Keempat, sebagai konsekuensi logis karakter simulasi, budaya postmodern ditandai dengan sifat hiperrealitas, dimana citra dan fakta bertubrukan dalam satu ruang kesadaran yang sama, dan lebih jauh lagi realitas semu (citra) mengalahkan realitas yang sesungguhnya (fakta).
Kelima, kebudayaan postmodern ditandai dengan meledaknya budaya massa, budaya populer serta budaya media massa. Kapitalisme lanjut yang bergandengan tangan dengan pesatnya perkembangan teknologi, telah memberikan peranan penting kepada pasar dan konsumen sebagai institusi kekuasaan baru menggantikan peran negara, militer dan parlemen
Tokoh-tokoh postmodernisme Jean Baudrillard (1929) Jean Baudrillard terkenal karena kritiknya teknologi modern dan media. Dia menolak untuk membedakan antara penampilan dan setiap realitas berbaring di belakang mereka. Baginya, perbedaan antara penanda dan petanda akhirnya runtuh. Jean-François Lyotard (1924-1998) Dalam Discours, angka (1971) karyanya Lyotard membuat pembedaan-tion yang ia percaya strukturalisme telah diabaikan. Dia membedakan antara apa yang 'dilihat' dan dirasakan dalam tiga dimensi (yang 'figural') dan apa yang 'membaca': teks dua dimensi. Bergema Foucault, ia berpendapat bahwa apa yang dianggap sebagai pemikiran rasional oleh para pemikir modernis, pada kenyataannya, bentuk kontrol dan dominasi. Untuk Lyotard, tingkat 'figural', yang tampaknya untuk menggabungkan sesuatu yang mirip dengan libido Freudian, atau kekuatan keinginan, memperoleh makna bersatu dengan operasi rasional thought.Art, di sisi lain, mengkritik dan destabilises dan bekerja terhadap rasa penyelesaian dan penutupan.
simpulan Posmodernisme merupakan sebuah paham yang berawal dari gerakan seni dan budaya termasuk di dalamnya sastra. Posmodernisme telah menentang mitos-mitos modern dan juga telah menghilangkan batas-batas antara seni dan kehidupan masa kini, antara elit yang hirarkhis dengan budaya populer, dan antara gabungan stalistik dengan pencampuran kode. Melalui terobosan postmodern, telah mengubah hal-hal yang tak mungkin menjadi mungkin, seperti hadirnya cybersastra yang akhir-akhir ini sedang bergema. Karena kelahirannya yang dilatar belakangi oleh pemahaman sastra dari segi modernitas yang sangat patuh pada aturan-aturan tertentu. Dari sifat modernisme yang radikal itu, posmodernisme mendobrak dan mengkontruksi tatanan yang baik dan lebih handal.

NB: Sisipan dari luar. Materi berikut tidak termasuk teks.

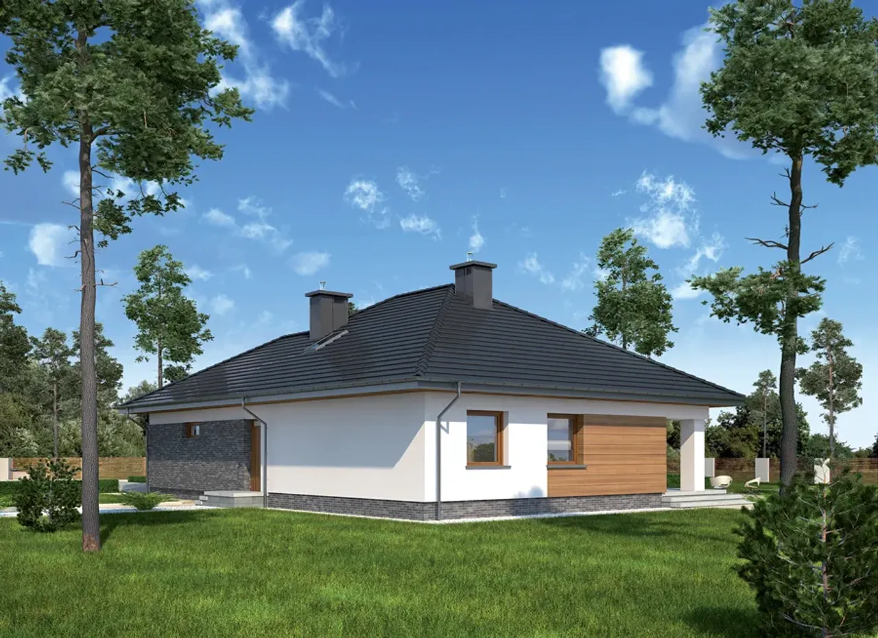 Kupując projekt w technologii murowanej powinieneś budować dom murowany. Zupełna zmiana technologii na szkieletową wymaga przeprojektowania całego budynku ( zmieniają się obciążenia, fundamenty, konstrukcja dachu). Wydamy zgodę na takie przeprojektowanie jednak wiążę się to z dużymi kosztami. Istnieją firmy wykonawcze, które podejmują się zmiany technologii budowy bezpłatnie przy skorzystaniu z ich usług wykonawczych. Zdarza się, że pracownia architektoniczna przygotowuje warianty konkretnego projektu przewidując także inne technologie. Prosimy o sprawdzenie czy istnieje poszukiwana wersja projektu, w zakładce - warianty projektu.

Postkkolonia merupakan suatu kajian yang merefeksikan kembali masa kolonial yakni interaksi antara penjajah dalam hal ini barat dengan masyarakat pribumi yakni timur (orient). Dimana pada saat itu terjadi penguasaan dan penundukan secara totalitas terhadap masyarakat pribumi yang meliputi segala aspek, baik secara fisik maupun mental. Kondisi sosial kultural juga tidak luput dari hegemoni barat. Dalam kajian postkolonial, barat melakukan hegemoni terhadap Negara bekas jajahan dengan mengkonstruk cara pandang bahwa masyarakat barat merupakan sosok makhluk sempurna, sehingga tolak ukur kebenaran berdasarkan praktek keBaratan. Maka dapat disimpulkan bahwa setelah sebuah Negara telah bebas dari cengkaraman penjajah, tidak berarti juga bebas dari hegemoni atau penjajahan secara konsep. Dalam hal ini masyarakat timur digiring cara pandang agar berkiblat ke barat.

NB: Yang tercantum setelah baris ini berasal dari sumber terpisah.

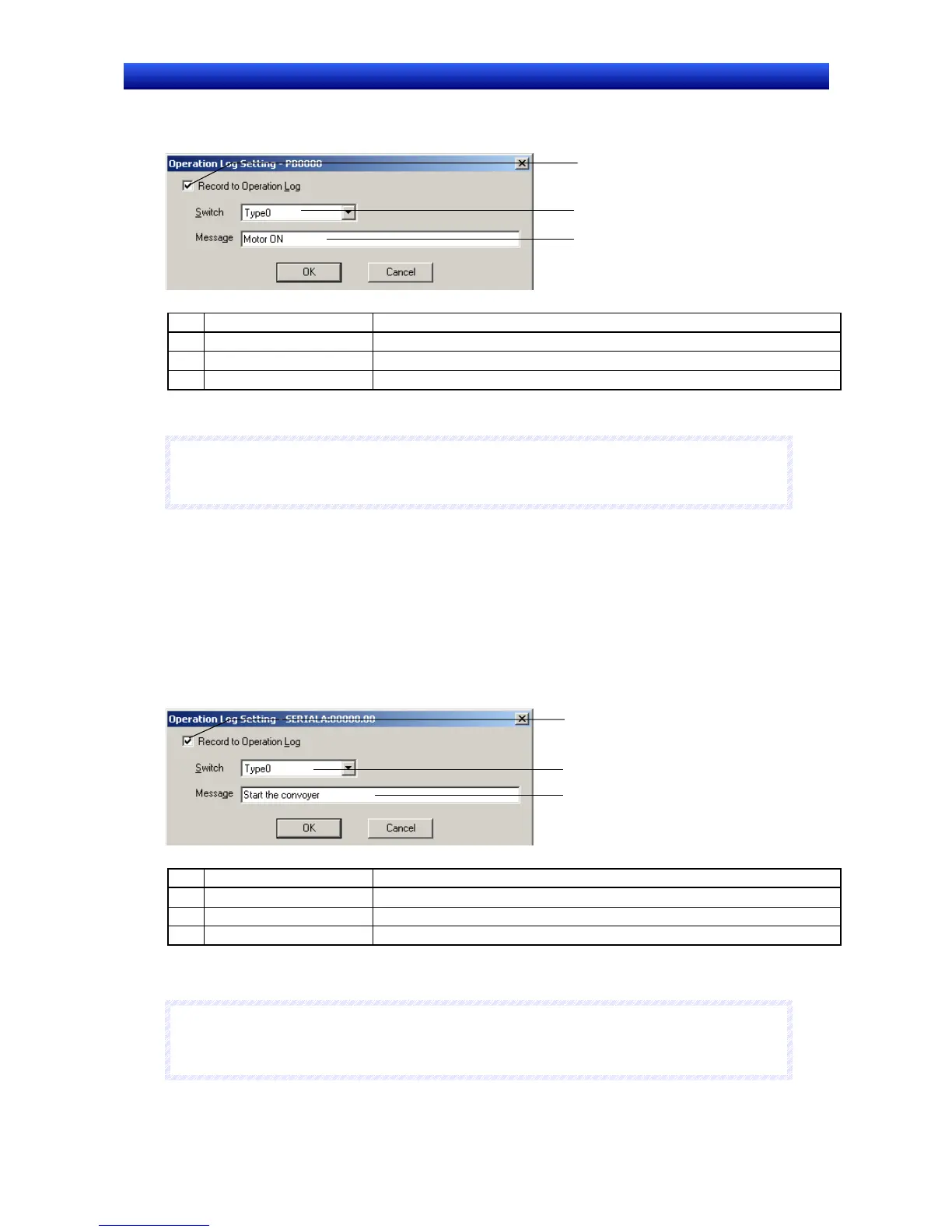 3. The Operation Log Setting Dialog Box will be displayed.

Pertanyaan dan tanggapan Mba marita Apa alasan dari ciri kedua dalam postmodernisme? Mbak rusmi Posmodernisme anti modern? Pak Hidayat Apakah memang betul negara-negara yang tidak pernah dijajah, bisa dikaji dengan postkolonial? Dan apakah betul atau salah postkolonial tidak membahas tentang kolonial? Postmodernisme bukanlah pisau, atau hanya era?